Все эти соображения являются ответом на общий вопрос, как же уразумевать «гносеологически» те многочисленные и разнообразные откровения мира демонического, которые содержатся в Апокалипсисе. Есть ли это порождение творческого воображения священного писателя, или же это свидетельство о некоей им созерцаемой действительности, которая не должна быть определена как бесоодержимость, ибо бесы не имеют власти над душой тайнозрителя и самого его не соблазняют, в него не «входят» (подобно тому, как в несчастную душу другого апостола, Иуды, «вошел сатана»), однако с ним соприкасаются через его пророческое созерцание. Ответить можно в обоих смыслах: справедливо и то и другое. Бесспорно, что самое выражение на человеческом языке впечатлений запредельных и человеческому миру трансцендентных, рассказ о них предполагает известный акт усилия творческого, художественного даже воображения и соответствующего языка. Но вместе с тем — и это самое главное, конечно, — пророк-тайнозритель, созерцал, переживал эти реальности, имел это созерцательное общение с демоническим миром, поскольку он ему открывался, при том не только в настоящем, но и в грядущем. Объективность этого откровения совершенно аналогична как в отношении всех ангелов как исполнителей и возвестителей воли Божией (включая сюда и небесные видения 24 старцев и 4 животных), так и в отношении всех демонических образов.
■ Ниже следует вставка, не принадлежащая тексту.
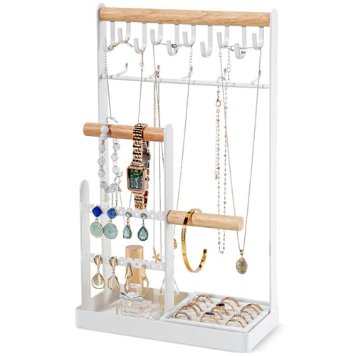 ProCase Jewellery Organiser Jewellery Stand Holder, 4 Tiers Jewelry Stands Necklace Organizer Earring Holder, 10 Hooks Jewelry Tower Display for Bracelets Watches Rings Gifts for Women -White

Разумеется, здесь приходится вносить различие в самый характер отдельных образов: иногда это суть прямые личные встречи или видения, таков дракон и воинства его. Иногда же это есть мистические обобщения и персонификации, которые соответствуют мистическим силам и реальностям, однако не имеющим лица или личности. Не являются ли таковыми образы зверя (и зверей) и лжепророка, Вавилонской блудницы (этот же вопрос по-иному возникает и относительно антихриста и антихристов в апостольской письменности как лица или же собирательной персонификации)? Точное различие этих разных образов остается превышающим способность человека, и остается лишь указать эту общую возможность такого различения, которая не имеет значения для существа дела.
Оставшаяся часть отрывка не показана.